The style of photography and writing is expansive. Essays range from neutral to poetic to editorialized. Images, likewise, reflect a breadth of approaches, some highly artistic, many others more traditionally journalistic. Certain photographs feel like echoes from wars past: an eerie revisualization of WWII in John Stanmeyer’s photo from a Lviv train station; or variations on moments from Iraq, like Daniel Berehulak’s full-page spread of a soldier aiming a gun out a window. Other photographs highlight grime and grit; pain and loss; and even beauty. All told, the book shows us civilians, fighters, pets, children, refugees, religious as well as political leadership (including poignant photos of President Zelensky), volunteers, the war effort, destruction, death, grief, resilience, recovery, rehabilitation, perseverance, and myriad aspects of daily life. War spares no facet of society.

 

As photographer Carol Guzy writes, “Civilian things. Not the stuff of combatants. Humanity’s hopes, dreams, loves – in war, merely termed ‘collateral damage’.” The staccato style of her whole statement emphasizes the fractures of war and the ways that small moments of life become frozen, interrupted forever. The camera, of course, literally freezes time; but Guzy asks us to think lyrically, stating “broken glass becomes a metaphor for shattered lives.” Her photographs carry the same tone and style as her words, depicting small details of life forever upended by war.

 

Yet it is perhaps the words by Ukrainian photographers that feel most weighted.

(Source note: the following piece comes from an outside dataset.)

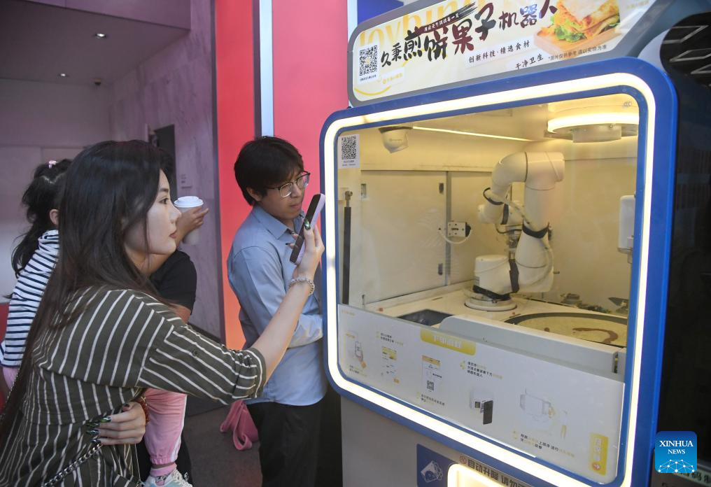 Visitors watch as a robot makes Jian Bing, or the Chinese crepe, during the World Robot Conference 2024 in Beijing, capital of China, Aug. 21, 2024. The World Robot Conference 2024 opened here on Wednesday. (Xinhua/Chen Zhonghao)

As Oksana Parafeniuk writes, “It is one thing when your home and your loved ones are safe and you can dedicate yourself to photographing unfolding events and it is absolutely another situation when they are not, when you need to make a decision on how to stay safe, how to keep your future child safe, while also being worried on a daily basis about the safety of all your loved ones.” Or as Myklhaylo Palinchak says, “I never thought of being a war photographer.” He goes on to explain that many Ukrainians began to train for combat or volunteered to help the war effort, “but I knew only how to make photographs, so for me the only option was to take my camera in hand.”

 

And there is the statement by Evgeniy Maloletka, whose photograph of an injured pregnant woman being evacuated from a maternity ward that was hit during a Russian airstrike was published globally. It is one of the most iconic photographs to come out of this war. (He, alongside colleagues, won a 2023 Pulitzer Prize for this work in Mariupol.) And yet in the context of this book, where words and many images come together, any habituated sense of “I have seen this photo already” vanishes. Maloletka’s haunting descriptions provide a vivid, painful, utterly harrowing foundation for his visuals over the next many pages.

 

At times the imagery is unrelenting. But that is the point. War doesn’t offer “time off” for those trapped within. Even so, the book has a cadence that allows the reader to move in and out of the most grievous imagery, picturing war from a variety of perspectives, not all of them violent.

 

But toward the end, we learn of the death of Ukrainian photographer Maks Levin, in an homage written by Stas Kozlyuk. This was a powerful and wise decision by the editors to remind the reader of what is at stake in creating such documentation. Ukraine had the highest journalist death toll of all countries in 2022 (International Federation of Journalists).

 

One of the final photographs, by Liam Kennedy, doesn’t immediately announce itself as war-related at all: a figure walking by a red flower on the ground. With this, the editors intimate that war devastates but it doesn’t, ultimately, need to define a population. This book is a record of the many aspects of this ongoing war, and as the title suggests, of the variety of crimes that remain to be investigated if not prosecuted in courts.

 

The concluding image of Ukraine: A War Crime ends on a note that beautifully echoes the opening—but with a small twist. Again, we see the blue and yellow flag, yet this time we are privy to the face of a woman who wraps the flag around her, gracefully enveloped in all its literal and metaphorical meanings. She looks sad, but also stoic and resolute.